Aliette de Bodard é conhecida, sobretudo, pelas suas séries de fantasia (algumas que cruzam elementos de ficção histórica), tendo ganho vários prémios, entre os quais, Nebula, Locus, BFA e BSFA. Na série Universo de Xuya apresenta uma space opera futurista que cruza elementos culturais orientais com tecnologia e exploração no espaço. Já na série Dominion of the Fallen, apresenta-nos uma Paris decadente num futuro indeterminado onde os Anjos existem e são usados como armas por famílias poderosas que constituem as Casas. As premissas e o cruzamento de elementos culturais são um dos grandes pontos de destaque que têm permitido à autora distinguir-se num meio carregado de elementos ficcionais anglosaxónicos.

A história

Neste pequeno volume (com cerca de 100 páginas e grande espaçamento) a autora apresenta uma história fantástica que decorre num tempo indeterminado, num local de influência oriental, mas inexistente. A história centra-se numa negociação entre dois países – uma negociação que poderá determinar o destino de um povo e durante a qual se confrontam duas princesas que têm um complexo historial.

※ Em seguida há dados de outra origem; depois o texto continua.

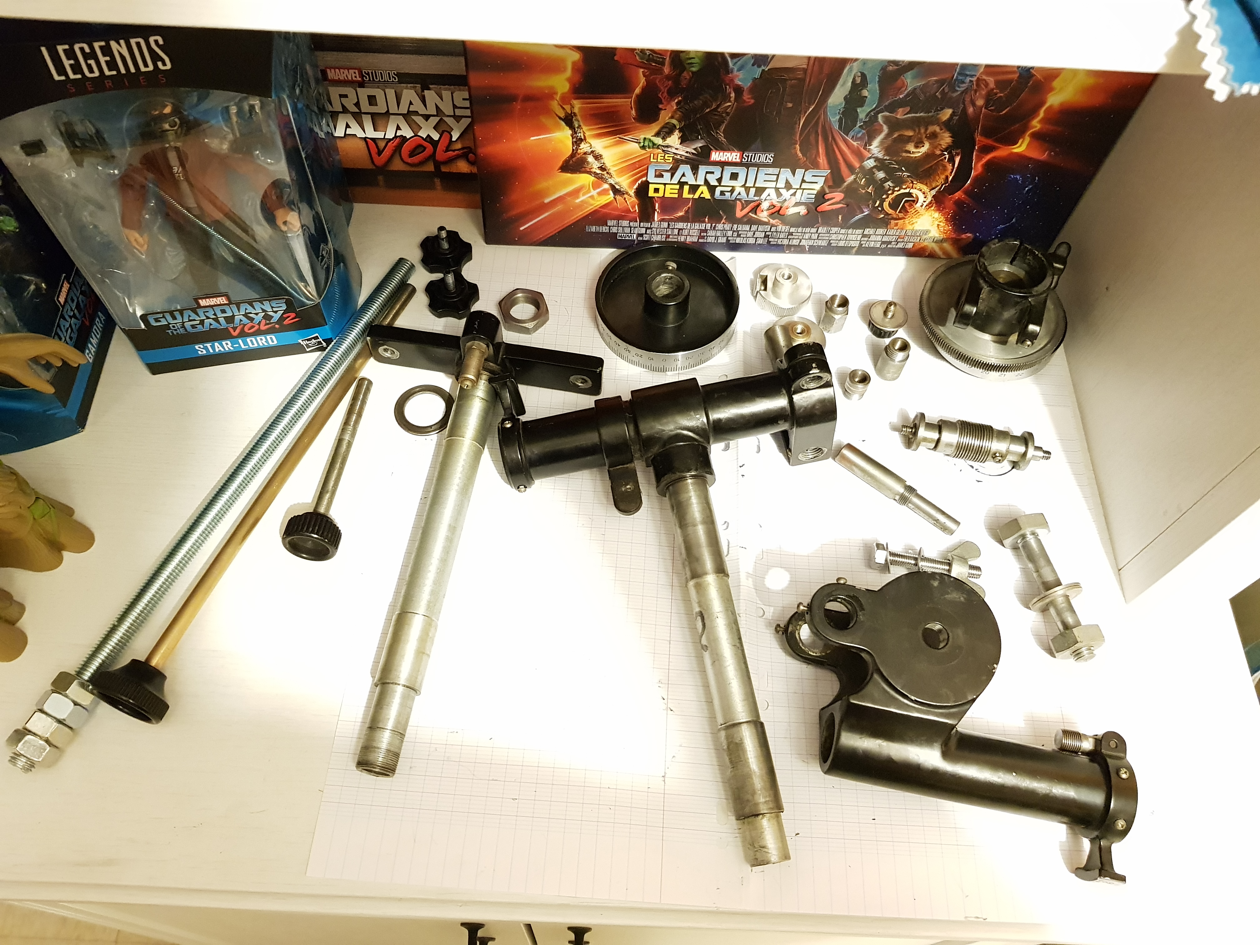 Jorris Posté 11 février 2021 Auteur Posté 11 février 2021 Demontage de la monture J'ai toutes les petites visses à gratter, elle sont rouillées, mais ça se rattrape bien. Je vais brosser certaines parties métalliques, pour faire apparaître la couleur du laiton (faudra que je trouve un vernis de protection contre l'oxydation) comme la grande manette de suivi que j'ai déjà brossé/poli. La monture, je vais la repeindre en noir mat pour faire ressortir la brillance du laiton des partie métals. Puis re graissage Le résultat devrait être chouette 2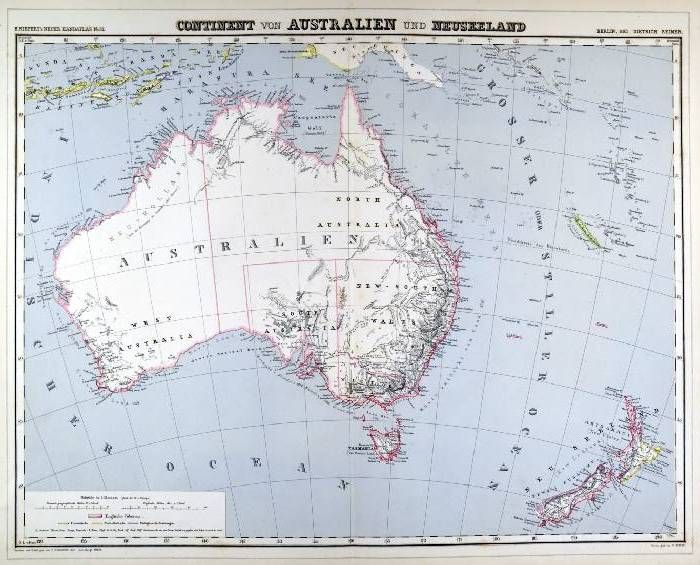 AUSTRALIEN. - Karte. - Continent von Australien und Neuseeland.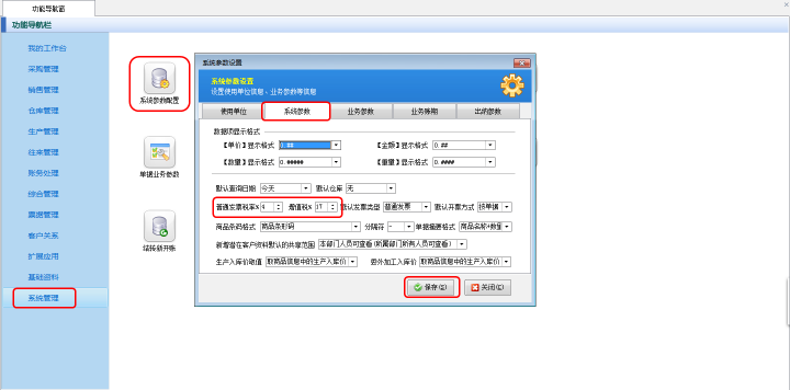 在功能導航窗點擊“系統(tǒng)管理”——“系統(tǒng)參數(shù)配置”——“系統(tǒng)參數(shù)”,在“系統(tǒng)參數(shù)”界面可以設置“普通發(fā)票稅率”及“增值稅發(fā)票稅率”(這里分別設置為4%及17%),設置完之后點擊“保存”按鈕保存配置,如下圖一所示。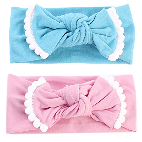 Perfk 2ピースセット ベビー ターバン 弾性 ボウの結び目 ヘッドバンド 子供 アクセサリー ギフト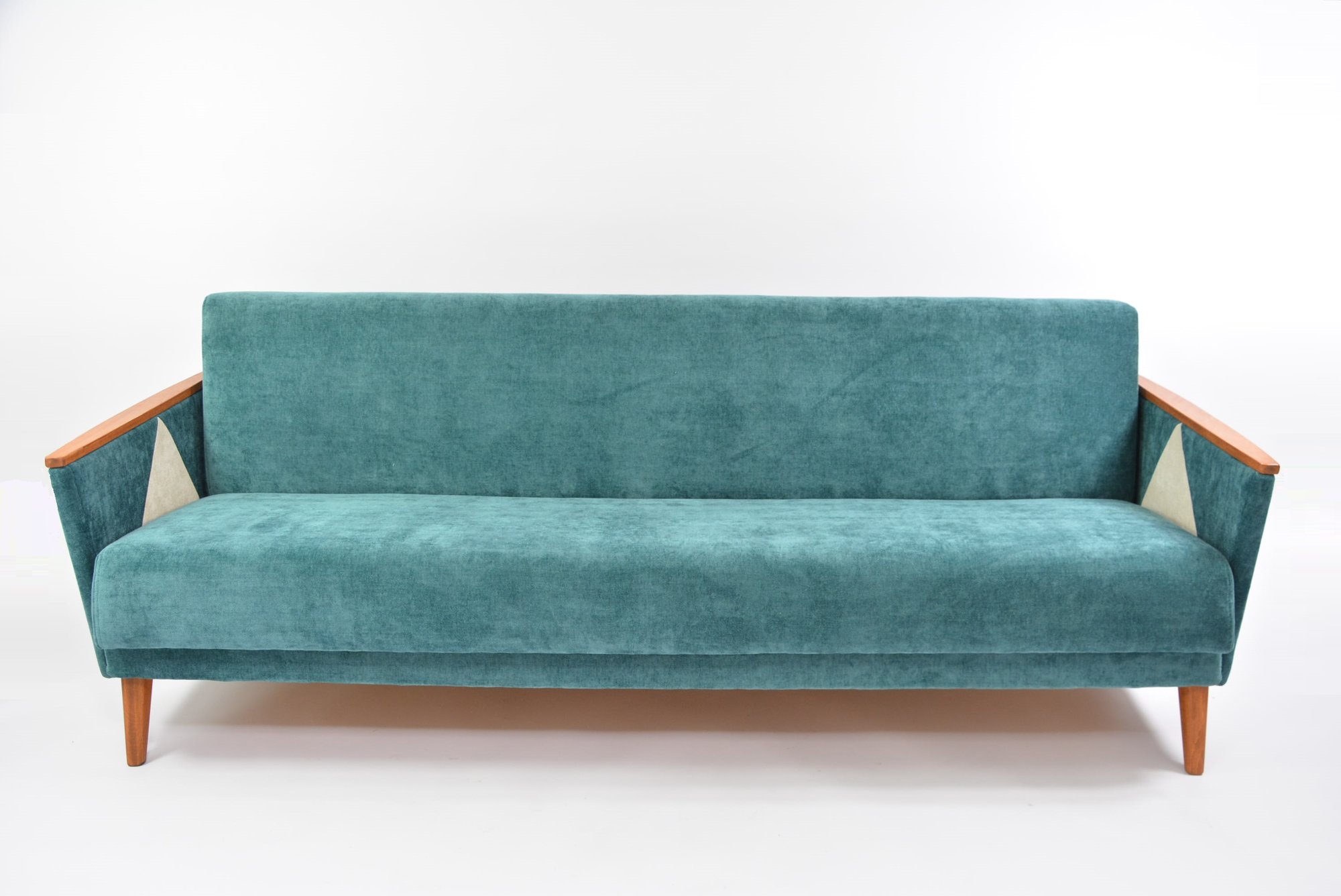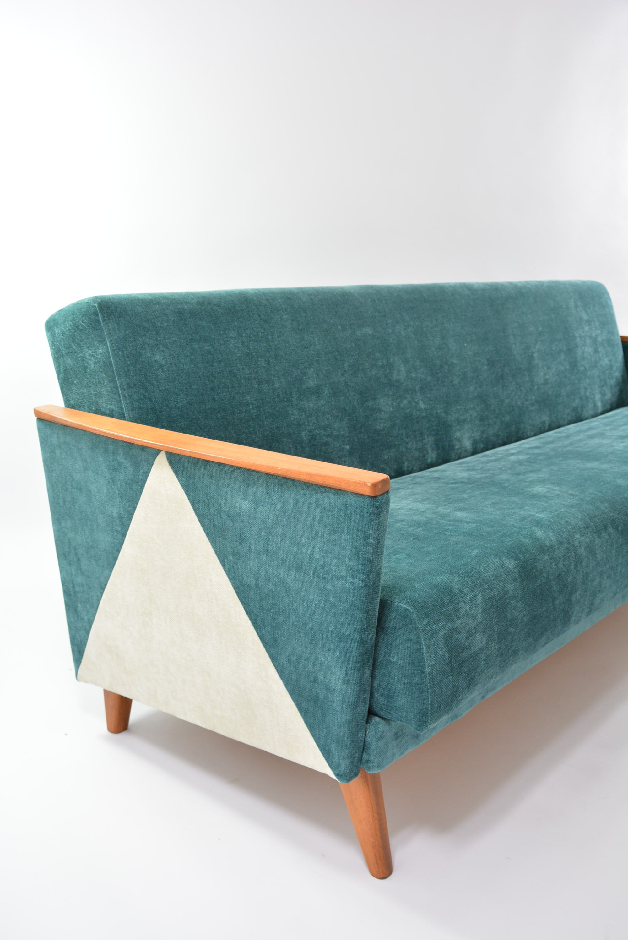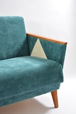 Rénovation intégrale : bois, garniture - ferme et idéal pour le couchage- tissu bleu canard antitache. Accoudoirs restaurés avec l'intégration du tissu ivoire en forme de triangles.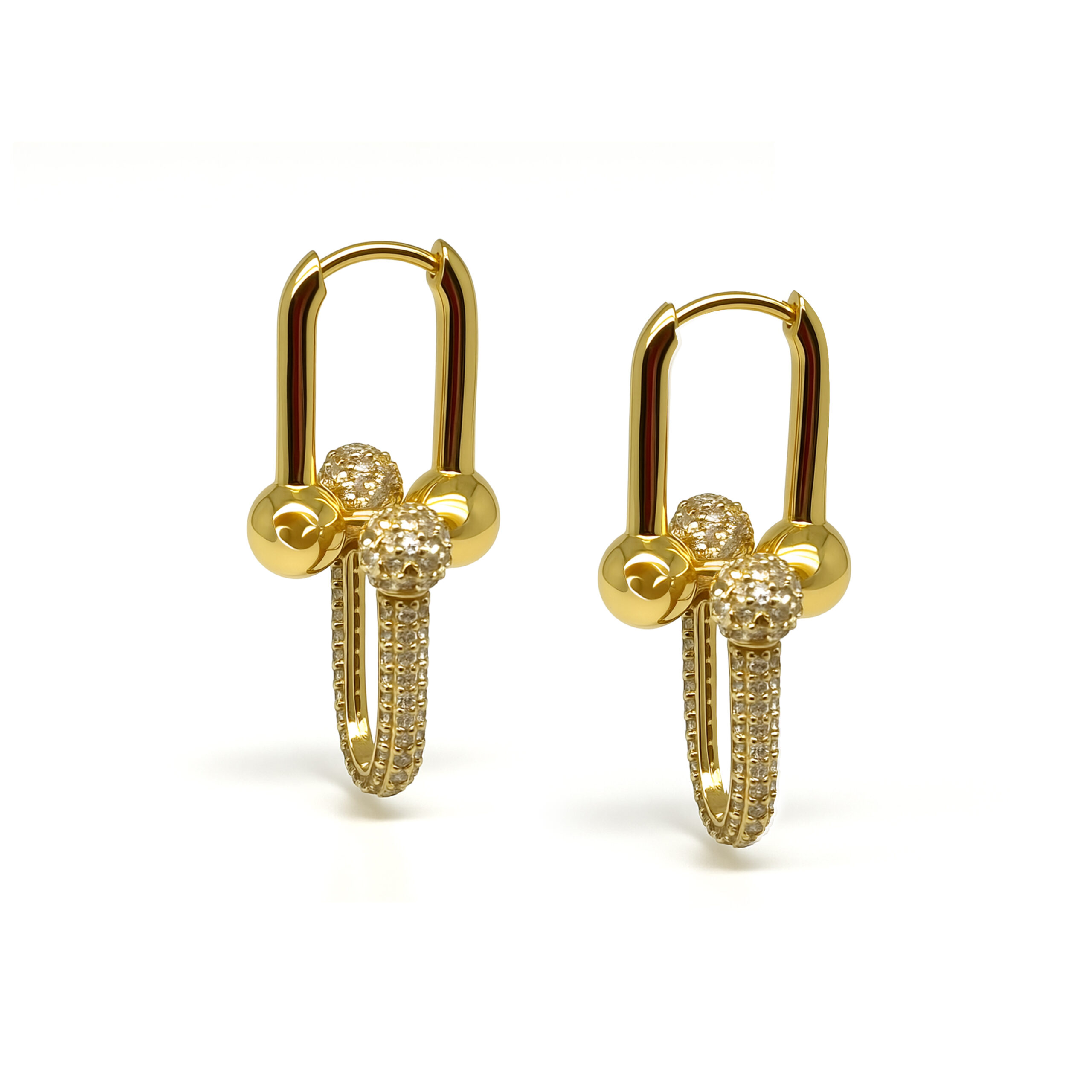 Cerceii Aur 14K Zale Eleganți atrag privirile prin designul lor modern, inspirat din forme geometrice și detalii fine. Realizați integral din aur autentic 14K, modelul combină structura tip zale cu bile decorative și suprafețe pavate cu pietre strălucitoare, oferind o luminozitate spectaculoasă la fiecare mișcare. Pietrele de zirconiu sunt montate cu precizie, conferind un efect luxuriant fără a compromite confortul zilnic. Perfecti pentru ținute elegante, casual sau de seară, acești cercei reprezintă o piesă statement ideală pentru femeile care adoră bijuteriile moderne și rafinate.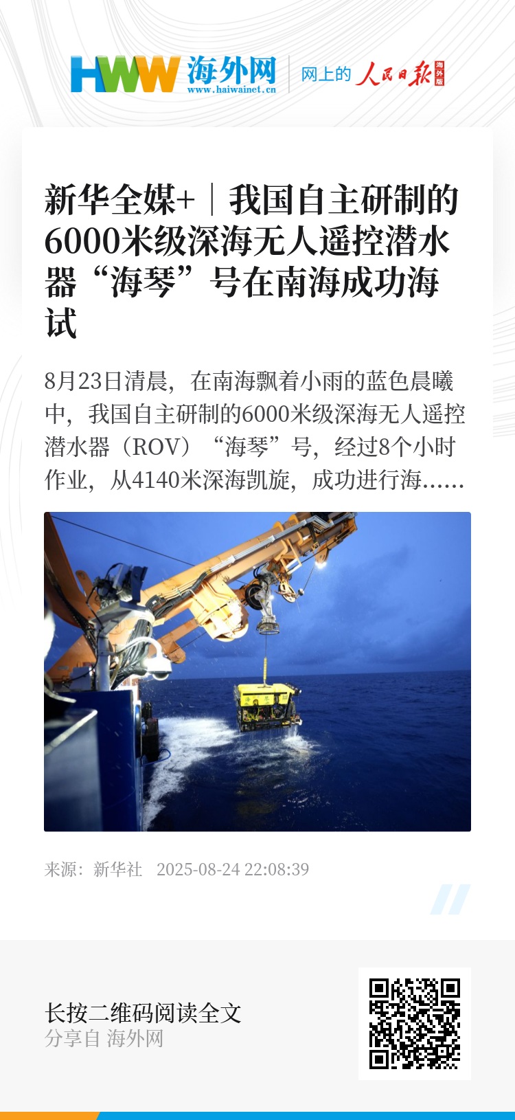 8月23日清晨,在南海飘着小雨的蓝色晨曦中,我国自主研制的6000米级深海无人遥控潜水器(ROV)“海琴”号,经过8个小时作业,从4140米深海凯旋,成功进行海试,我国深海研究又多了一个“科考利器”。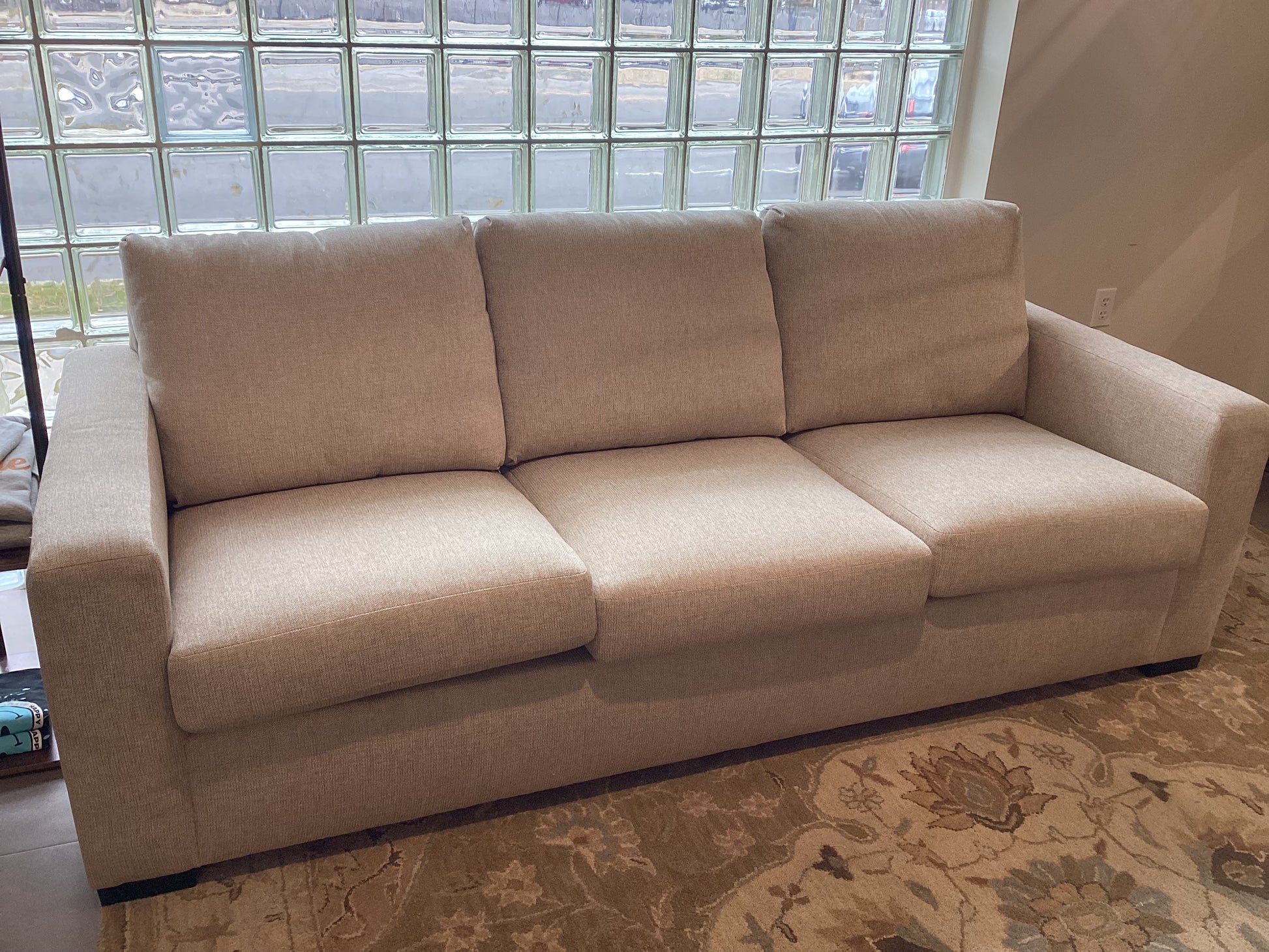 The Flex Steel Sandy Brown sofa offers stylish comfort with its 3 seater design and cream color. Its Flex Steel material provides long-lasting durability for everyday use. Perfect for any living space, this sofa is the ultimate combination of functionality and style.

A Princesa Thanh regressou recentemente de Ephteria, assumindo o papel de diplomata, depois de anos como refém neste outro reino. Este novo papel irá confronta-la com a princesa Eldris, com a qual teve um intenso relacionamento enquanto refém. Thanh, introspectiva e calma, contrasta com o espírito tempestuoso de Eldris, mas percebe que muito está em causa nestas negociações. Paralelamente, Thanh é assombrada por um terrível incêndio, ao qual terá sobrevivido, no Palácio Real de Ephteria – um incidência que parece querer retornar, quando, sucessivamente, vários objectos pegam espontaneamente fogo.

A narrativa

História pequena, Fireheart Tiger centra-se na perspectiva de Thanh, não explorando directamente, outras personagens. Conhecemos a sua perspectiva dos acontecimentos, bem como os seus pensamentos. A história apresenta um conflito que deve ser ultrapassado, surgindo, claro, alguns obstáculos e pequena reviravoltas que justificam o desenvolvimento ao longo de 100 páginas – tratam-se de obstáculos diplomáticos, mas também emocionais, resultado do envolvimento entre as personages.

Sendo uma curta história, centrada num acontecimento, ao longo de poucos dias, não desenvolve muito a caracterização da personagem. O retrato de Thanh é acelerado por algumas características referidas por quem a conhece, sendo que a maioria das acções que toma são consistentes com este retrato. Thanh, tendo uma personalidade calma e introspectiva, e tendo vivido parte da sua vida como refém (apesar das mordomias atribuídas ao seu nível social) acaba por se envolver em relacionamentos abusivos, ainda que consiga sair deles, por força das circunstâncias e dos sentimentos. Este elemento é, para mim, o que foi explorado de forma menos coerente.

Tal como noutras histórias apresentadas por Aliette de Bodard, sente-se, também nesta, a força da família, através da honra em pertencer ao agregado, mas também, através dos sacrifícios que se devem fazer para manter o bem estar de todos. Os relacionamentos trazem com eles obrigações, sobretudo para com os antepassados. É um aspecto que vemos muito vincado na série de Xuya, e que se reflecte, também, nesta narrativa – não o respeito pelos mais velhos, mas a obrigação de obedecer.

Outro dos aspectos que costuma marcar as narrativas desta autora, são as conversas de duplo sentido ou os significados de coisas que poderíamos considerar triviais. Nalgumas das outras séries, o significado de uma cena pode se restringir às posições que cada um tem numa mesa, ou numa sala (elemento que a autora costuma explicar, de forma indirecta). Aqui, este aspecto é menos explorado, mas ainda se denota nas negociações em que todas as frases e gestos podem ter duplo sentido e ser sujeitas a diferentes interpretações – uma vertente interessante, que, dada a premissa da história, faz sentido ser incluída.

Apesar de todos estes elementos interessantes, esta foi uma das histórias mais fracas que li da autora. A personagem principal carece de maior caracterização, faltando-lhe objectivo próprio concreto. Não chegamos a perceber as suas motivações, para além de se deixar levar pelas circunstâncias. É, também, uma falha nalgumas personagens secundárias que têm um papel relevante.

Conclusão

Esta pequena história tem elementos originais e diferentes das fantasias de influência predominantemente anglosaxónica, sobretudo no relacionamento entre as personagens. Desenvolve-se ao longo de poucas páginas, e, consequentemente, o desenvolvimento narrativo é simples. A falha está, sobretudo, na pouca caracterização de personagens e na ausência parcial de motivação. É, portanto, uma leitura agradável e diferente, mas não chega a tornar-se envolvente e falhar em criar ligação com as personagens.